Church in Somerset, England

The Church of St John the Evangelist is a Church of England parish church in Tatworth, Somerset, England. It was built in 1850–51 to the design of Charles Pinch of Bath and is a Grade II listed building.

==History==
Efforts towards the building of a chapel of ease at Tatworth began in 1840, after Rev. John Edwin Lance, the rector of Buckland St Mary, donated £100 towards its construction. At the time, the parish of Chard was considered by the Bath and Wells Diocesan Church Building Association as in great need of additional church accommodation. Tatworth and its neighbouring hamlets were situated up to three and a half miles from the parish church of St Mary the Virgin.

During 1840, further funds were raised and a plot of land was offered by Mr. J. B. Coles of Parrock's Lodge. A grant of £95 was also received by the Bath and Wells Diocesan Church Building Association. After a delay of some months, a meeting of the building committee in June 1841 selected a site gifted by Earl Poulett, the lord of the manor, who also donated £50 and building stone from his quarries. Construction was expected to start in August 1841.

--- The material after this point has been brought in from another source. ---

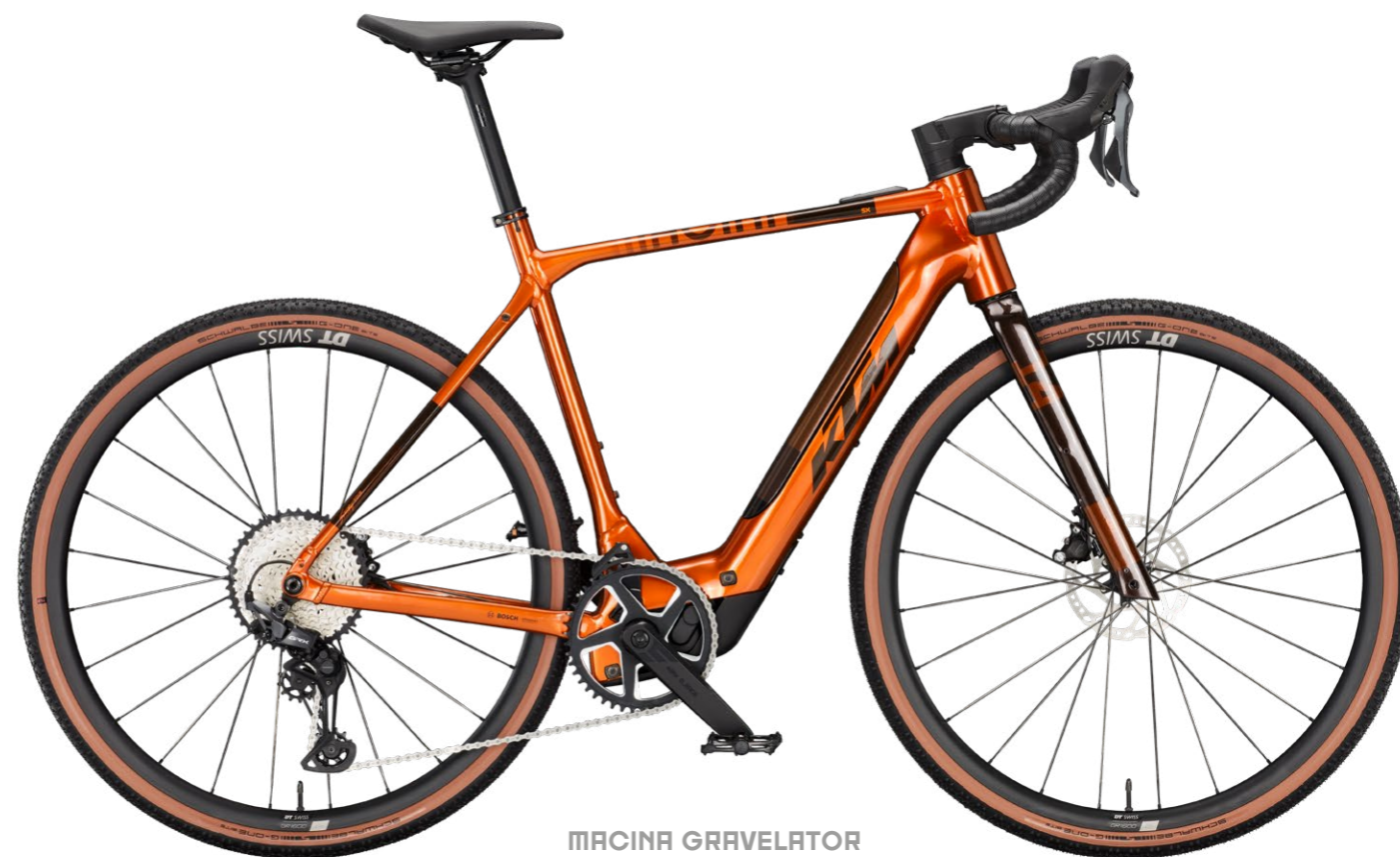
MACINA GRAVELATOR SX 10

Although the Church Commissioners approved the plans drawn up by Mr. Charles Pinch of Bath, construction did not begin and the scheme was postponed. It was revived by the end of the decade and the foundation stone was laid by Mrs. Whitehead, the wife of the vicar, Rev. W. B. Whitehead, on 18 June 1850. The church was built by Mr. W. Davis of Langport, with Mr. Pinch supervising the work.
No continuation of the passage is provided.